Part 2: Kernel Density Estimation using Density Matrices

Implementation in TensorFlow

December 23, 2021 · 8 mins read

In Part 1 we checked at the key mathematical and statistical concepts that could allow us to talk about Kernel Density Estimation using Density Matrices. In Part 2, we would like to describe how to use the algorithm already implemented in Python by Professor Fabio Gonzalez and his research group MindLab at Universidad Nacional de Colombia using custom layers and models in TensorFlow 2.

Install qmc

Let´s install the module qmc which contains

  1. Custom models inherited from the super class tf.keras.Model, in our case we will use:
    • QMDensity()
  2. Custom layers inherited from the super class tf.keras.layers.Layer, we will take:
    • QFeatureMapRFF() layer of the quantum feature map.
    • QMeasureDensity() layer that actually does the measurement.
    !pip install git+https://github.com/fagonzalezo/qmc.git

For more information about qmc you can check this repository which contains examples in estimation, classification and regression.

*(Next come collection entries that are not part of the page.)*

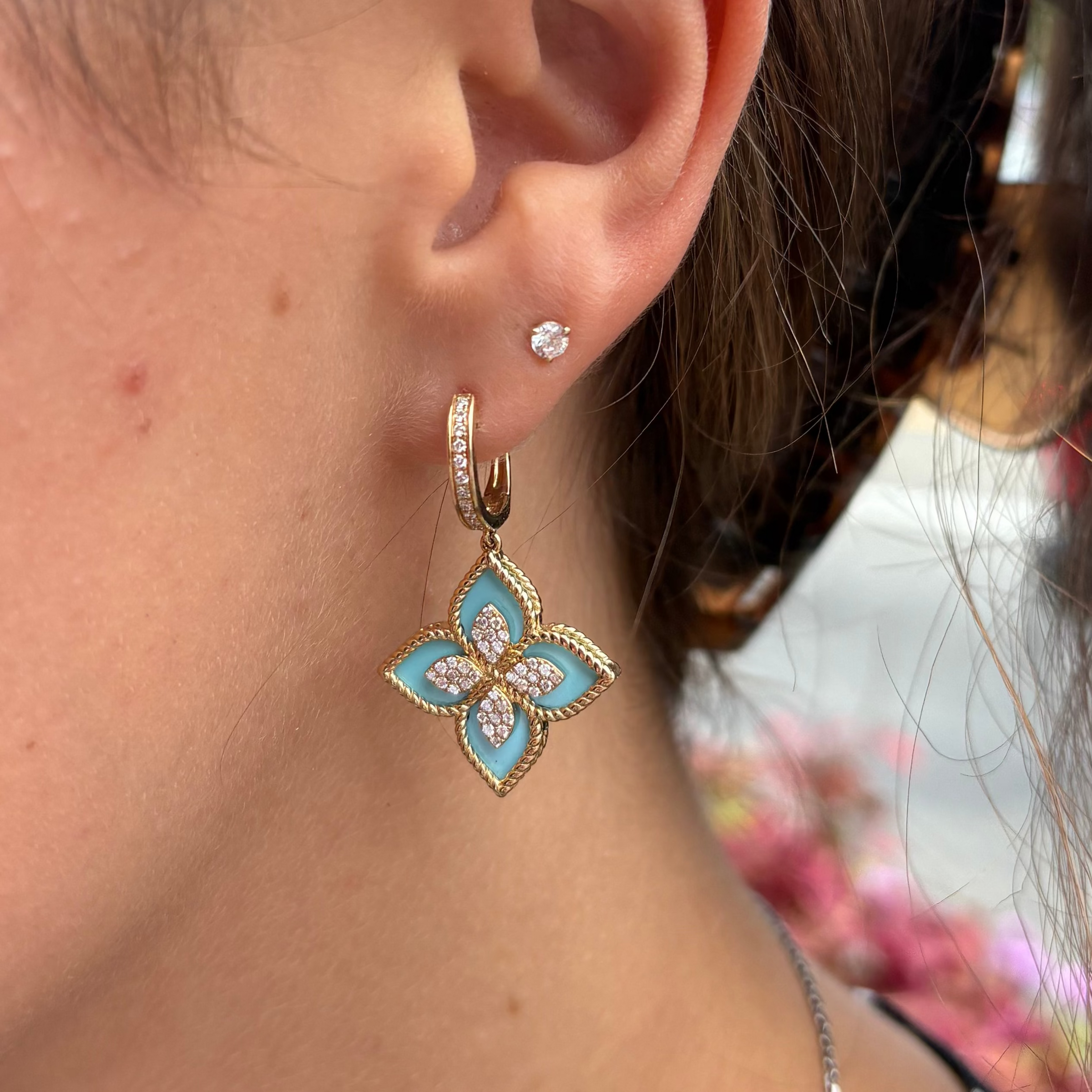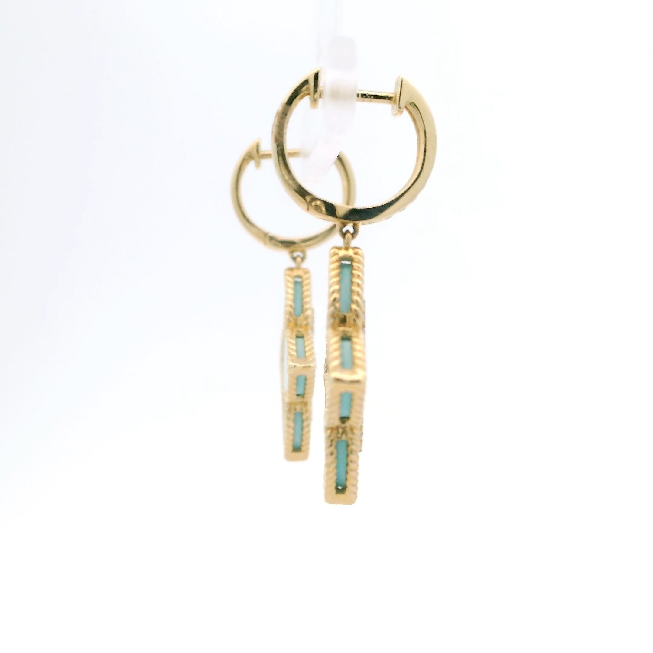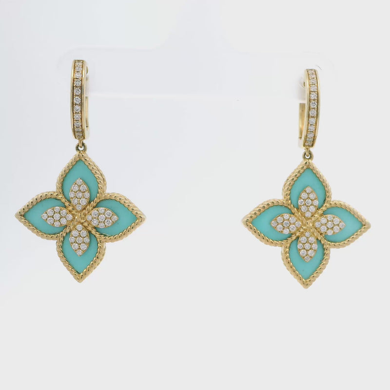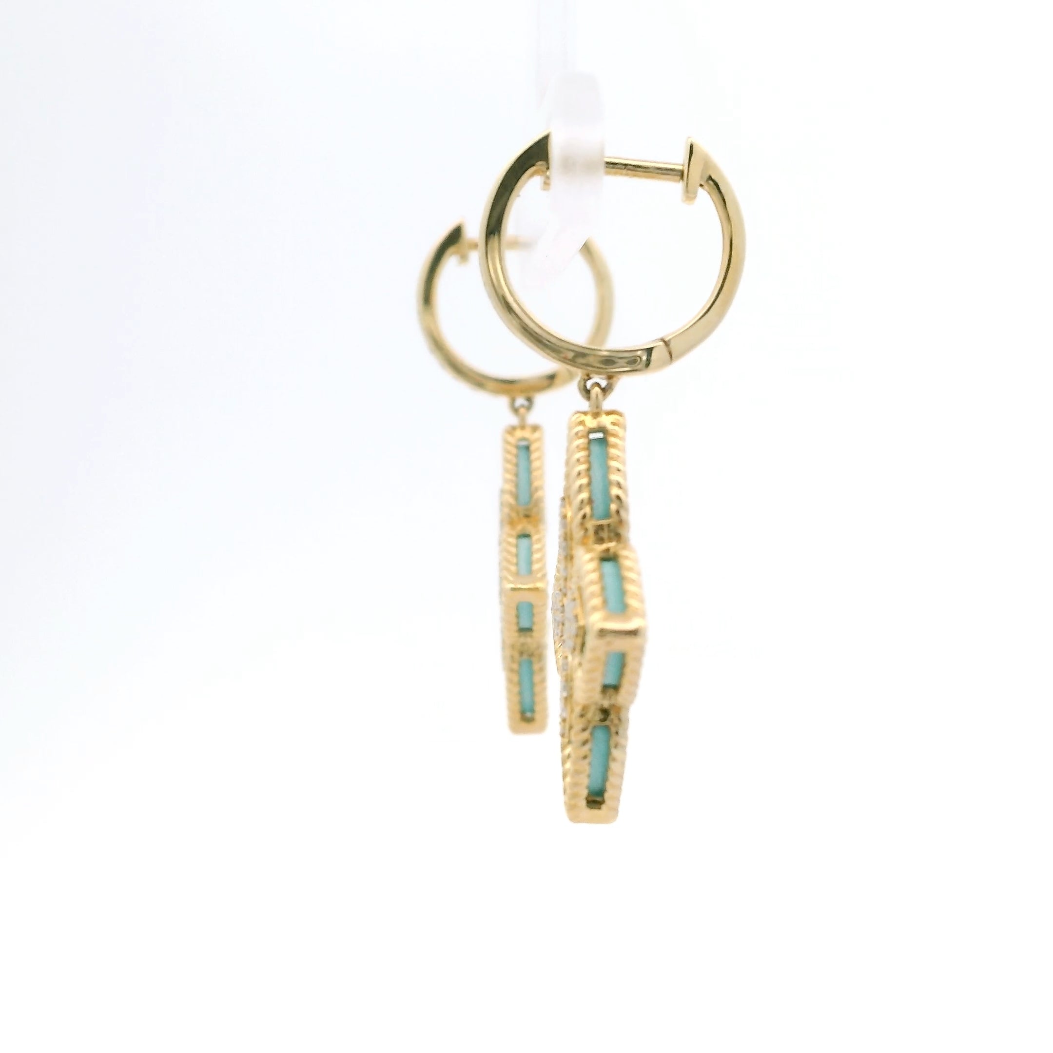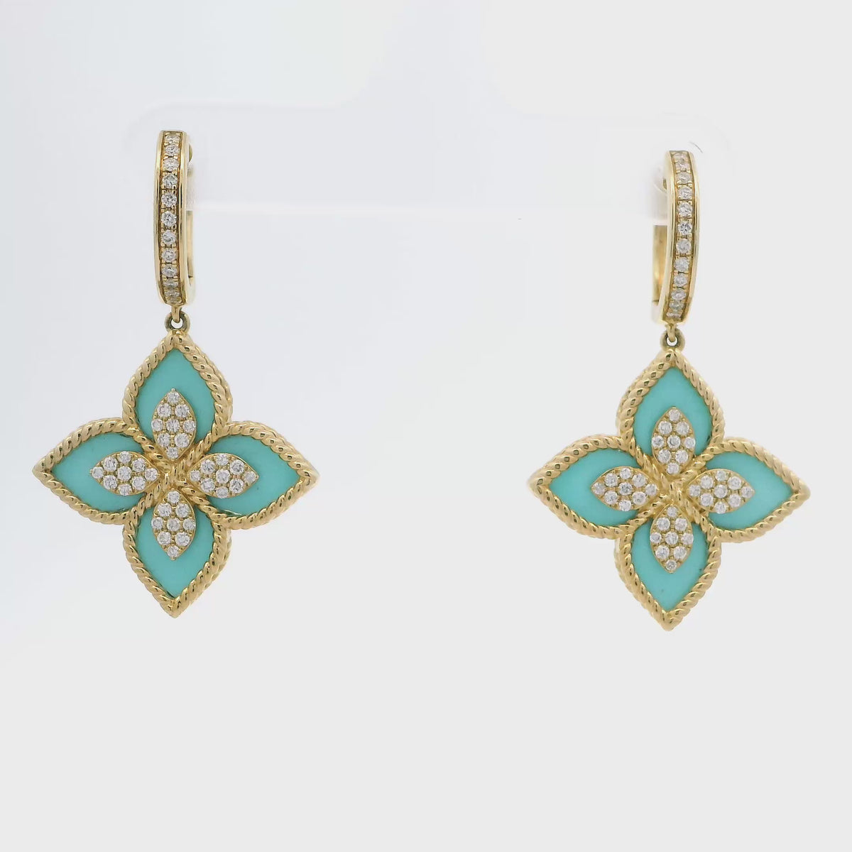 These Turquoise and Diamond Dangle Earrings feature a total of 5.02 carats of vibrant turquoise, complemented by 96 sparkling diamonds totaling 0.41 carats. Inspired by delicate floral designs, they offer an elegant and refined look perfect for adding a touch of sophistication to any outfit.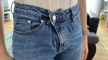 Ich gebe zu, dass dieser Fashion Hack gewöhnungsbedürftig aussieht. Vor allem, wenn du dazu ein bauchfreies Top kombinierst – in diesem Fall empfehle ich dir einen Gürtel. Wenn das Oberteil allerdings den Hosenladen bedeckt, ertappt dich niemand beim Schummeln. ;-)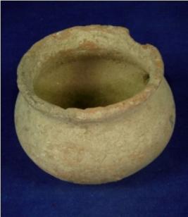 | Description / विवरण | Coarse terracotta vessel - a pot, with a broad mouth, short neck, bulbous body and circular, flat base. The rim is slightly broken and a hole in the middle of the body. |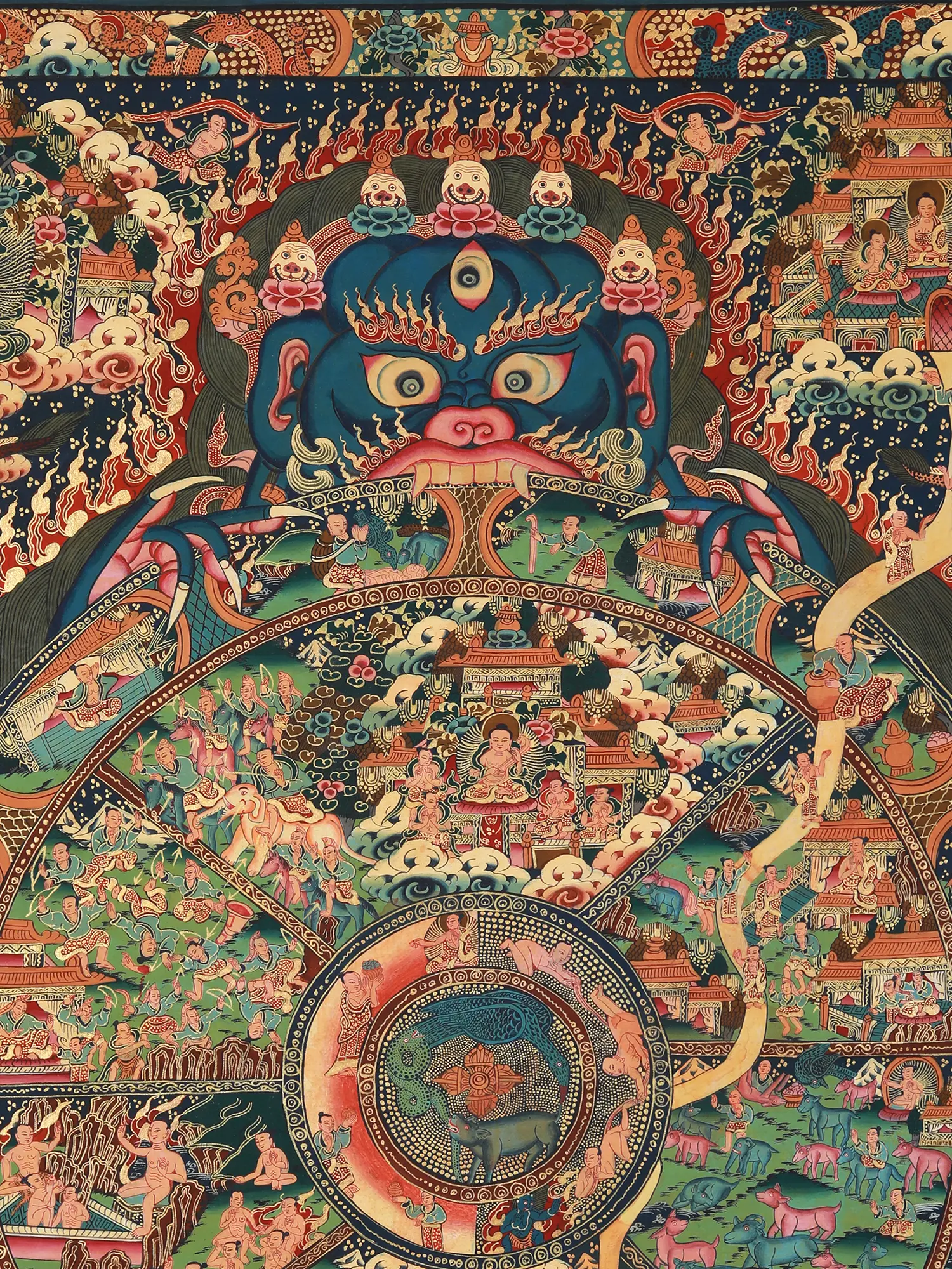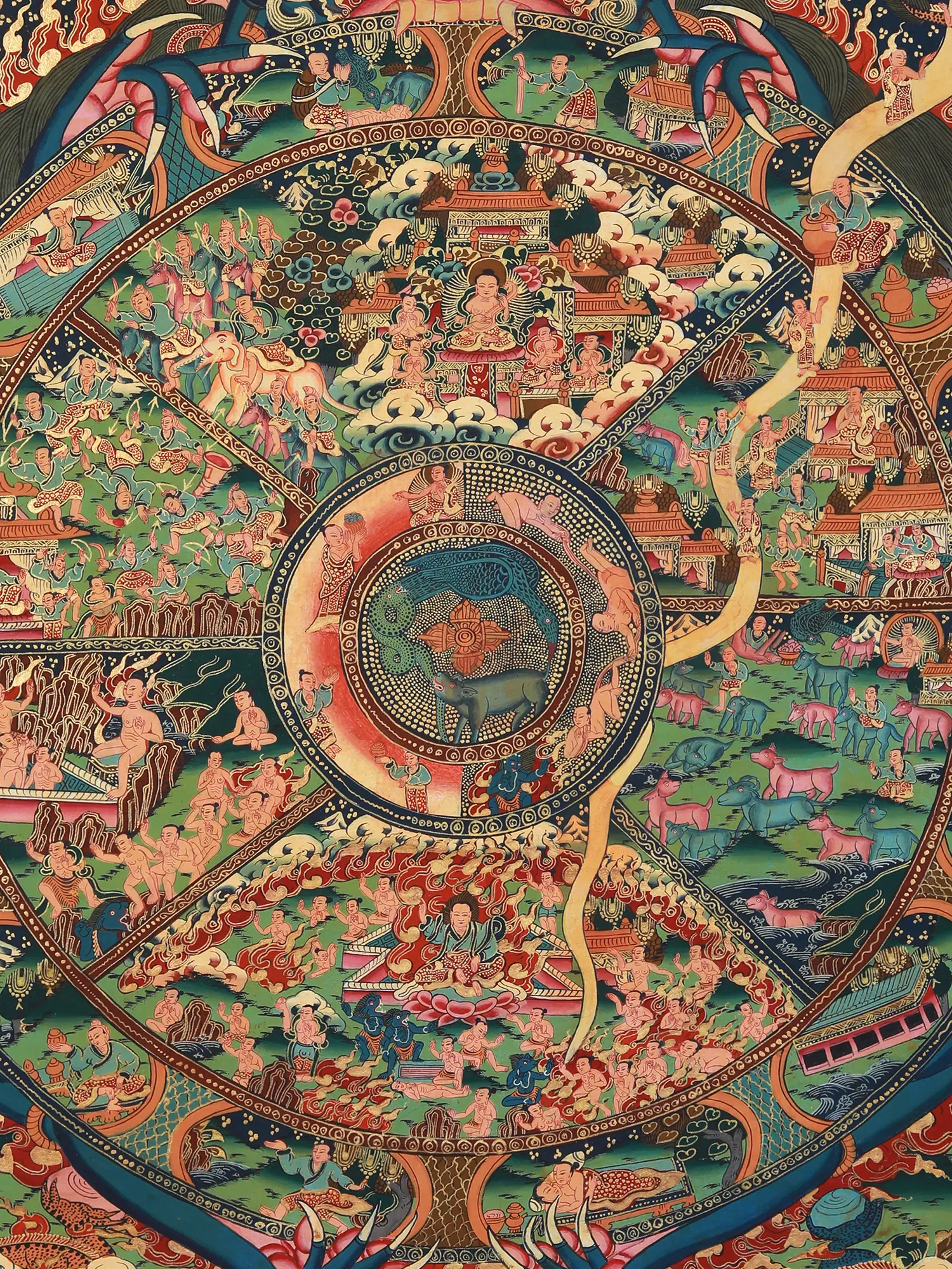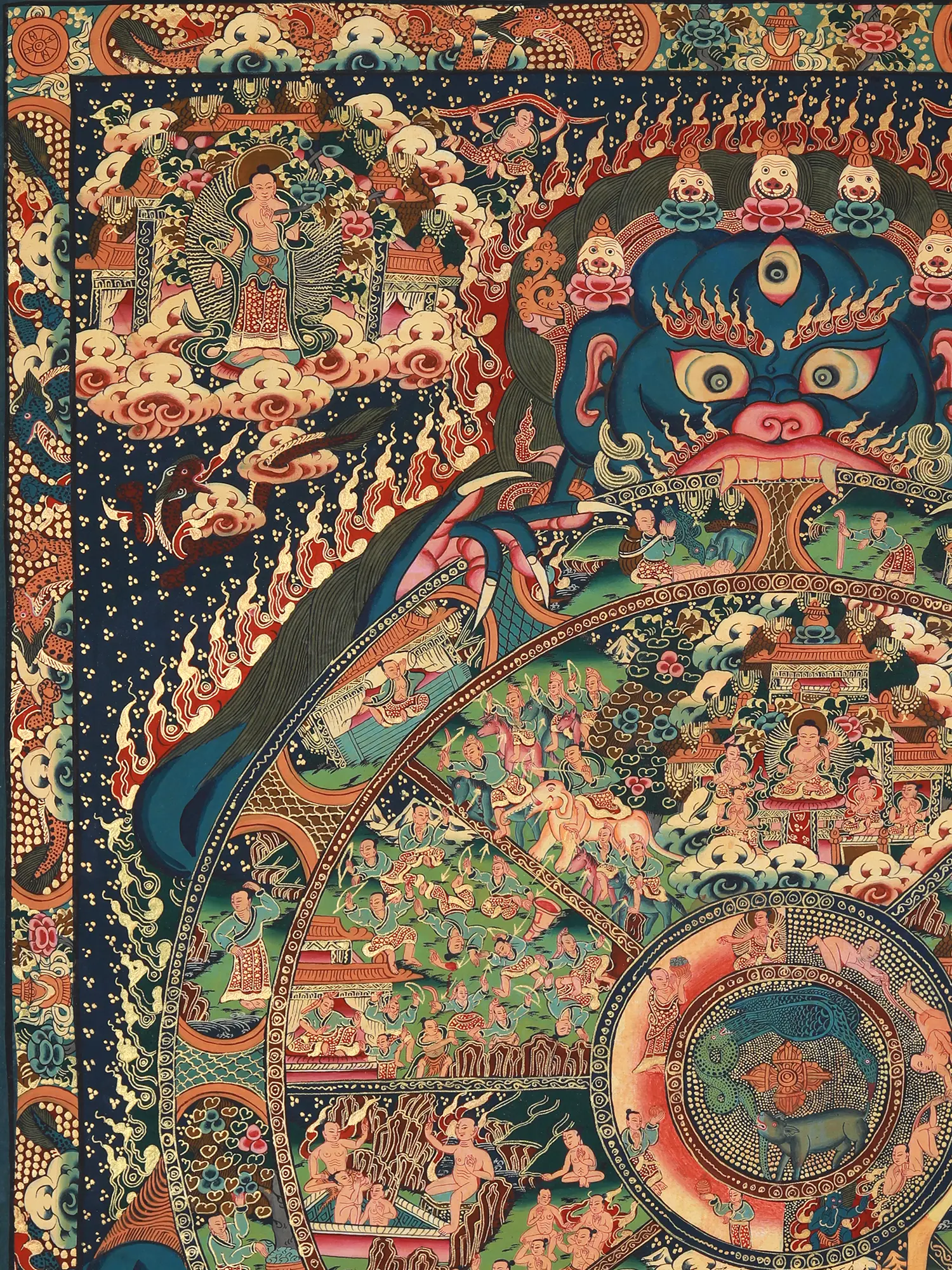 Tibetan Wheel of Life (Brocadeless Thangka)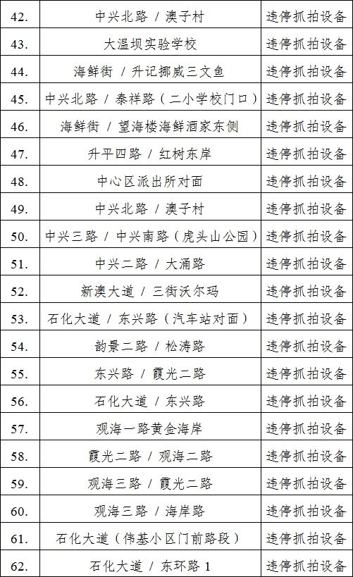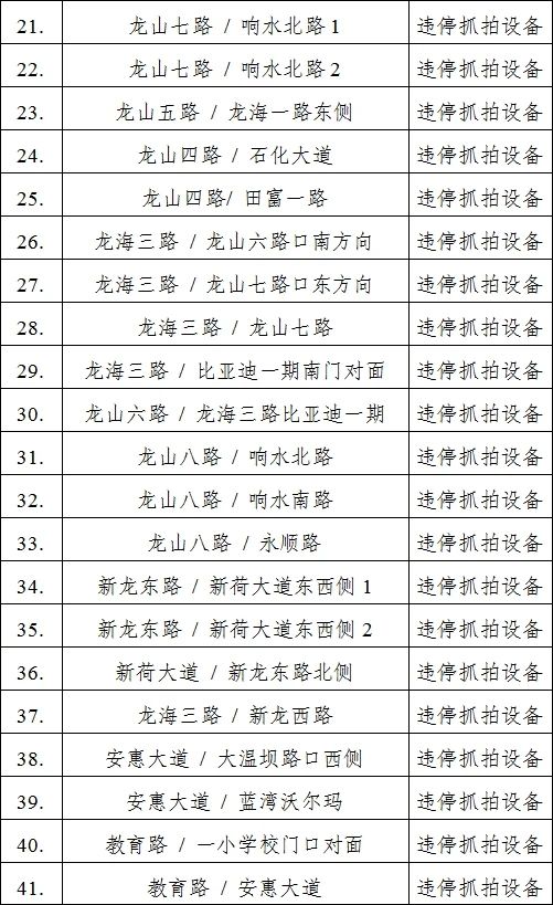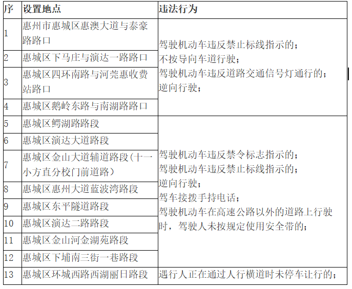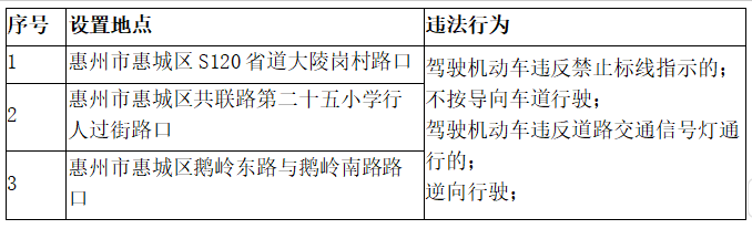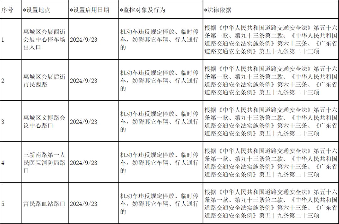 根據(jù)《中華人民共和國行政處罰法》第四十一條及《道路交通安全違法行為處理程序規(guī)定》第十六條關(guān)于“固定式交通技術(shù)監(jiān)控設(shè)備地點應(yīng)向社會公布”的規(guī)定,惠州市轄區(qū)范圍內(nèi)近期啟用的視頻監(jiān)控點位公布,具體如下: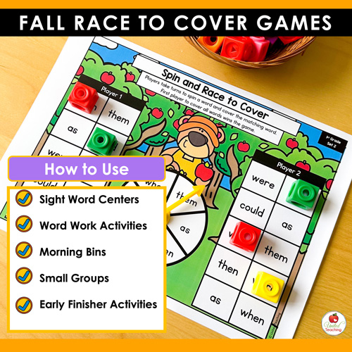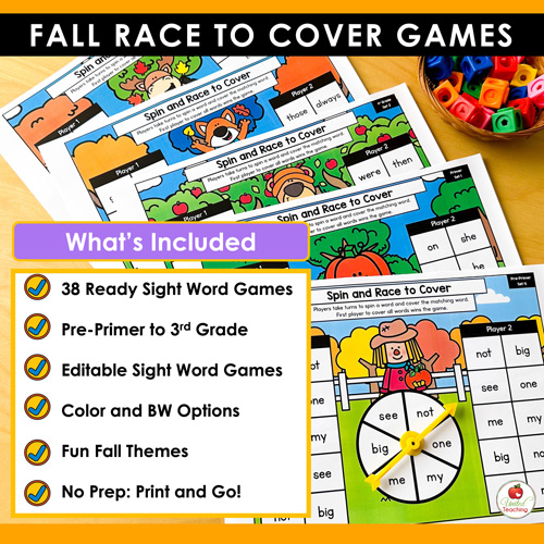 • 38 Fall-Themed Game Mats featuring high-frequency sight words from:

Additionally, to recreate this experiment we will use other modules.

Importing libraries

Now we can call the necessary libraries and dependencies to run this experiment.

import numpy as np
import tensorflow as tf
import qmc.tf.layers as layers
import qmc.tf.models as models
from scipy.stats import norm, bernoulli
import matplotlib.pyplot as plt

Kernel Density Estimation using Density Matrices

In order to measure how accurate the algorithm is let’s generate some random data from a two component Gaussian Mixture defined by the following density:

\[f (x) = \alpha\left(\frac{1}{\sqrt{2\pi\sigma^2}}exp\left(\frac{(x-\mu_1)^2}{2\sigma_1^2}\right)\right) + \left(1-\alpha \right) \left(\frac{1}{\sqrt{2\pi\sigma^2}}exp\left(\frac{(x-\mu_2)^2}{2\sigma_2^2}\right)\right).\]

For this we create the Mixture() class.

class Mixture(object):

    def __init__(self, loc1=0, scale1=1, loc2=1, scale2=1, alpha=0.5):
        self.var1 = norm(loc=loc1, scale=scale1)
        self.var2 = norm(loc=loc2, scale=scale2)
        self.alpha = alpha
        
    def pdf(self, x):
        return (self.alpha * self.var1.pdf(x) + 
                (1 - self.alpha) * self.var2.pdf(x))

    def rvs(self, size=1):
        vals = np.stack([self.var1.rvs(size), self.var2.rvs(size)],  axis=-1)
        print(vals.shape)
        idx = bernoulli.rvs(1. - self.alpha, size=size)
        return np.array([vals[i, idx[i]] for i in range(size)])

And instanciate it as an object mixt. Then we generate a random sample using the method rvs

mixt = Mixture(loc1=0, scale1=0.5, loc2=3, scale2=1, alpha=0.5)
sample = mixt.rvs(100)

Notice that for this example we are working on a \(1D\) space, so each element of sample belong to \(\mathbb{R}\) and the way the algorithm will recieve the whole sample is in a form of an array of shape (n_samples , n_dimensions) where the n_dimensions then will be 1. So, let’s reshape our data:

X = sample.reshape((-1, 1))

Now we are ready to use the algorithm just by specifying:

  • dim : Number of Random Fourier Features.
  • gamma: Bandwidth related parameter.

and then just using the custom models and layers in the following way.

# Parameters
n_rffs = 300
gamma = 1
# Training
rffmap_x = layers.QFeatureMapRFF(1, dim = n_rffs, gamma = gamma, random_state = 2021)
kde_dm = models.QMDensity(rffmap_x, n_rffs)
kde_dm.compile()
kde_dm.fit(X, epochs=1)
# Estimation
x = np.linspace(-10., 10., 100)
densities = kde_dm.predict(x.reshape((-1, 1)))

Note: There’s no optimization step on this methodology, when we use the method fit() the density matrix is calculated once and with this matrix we can estimate our densities using the method predict().

Plotting

We graph the results on the new data x where densities where calculated.

plt.plot(x, mixt.pdf(x), 'r-',  alpha=0.6, label='Mixture')
plt.plot(x, densities, 'g-',  alpha=0.6, label='DMKDE')
plt.legend()
plt.show()

Further reading

This paper describes on detail how density matrices can be used as a building block for machine learning models because of their ability to mix linear algebra and probability in a simple way. Novel methods such as

  • Density matrix kernel density classification
  • Quantum measurement classification
  • Quantum measurement regression
  • Quantum measurement ordinal regression

are introduced and are the basis for new methods that might include complex valued density matrices as their authors claim.

More information on customization when using tf this can be found here.